### Collected data
○ ○ ○ ○ ○ ○ ○

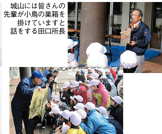
の箱をと長 さんですす 皆のますす は鳥の田口 山小の田 城先輩が掛 先掛ける話

当日は木曾署のふれあい係長の応援を得て、木曾五木の見分け方の説明の後、ヒノキ間伐木を輪切りにして絵や名前を書いて首に下げるときの作業を計画していましたが、時間の関係で丸太切りまでとなりました。
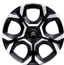
DISK Z LAHKEJ ZLIATINY PULSAR 18"

○ ○ ○ ○ ○ ○ ○

### What is required
Omit the pictures and write out the lines above from the one with "当日は木曾署のふれあい係長の" through the last, unchanged.

### Solution to this problem
当日は木曾署のふれあい係長の応援を得て、木曾五木の見分け方の説明の後、ヒノキ間伐木を輪切りにして絵や名前を書いて首に下げるときの作業を計画していましたが、時間の関係で丸太切りまでとなりました。
DISK Z LAHKEJ ZLIATINY PULSAR 18"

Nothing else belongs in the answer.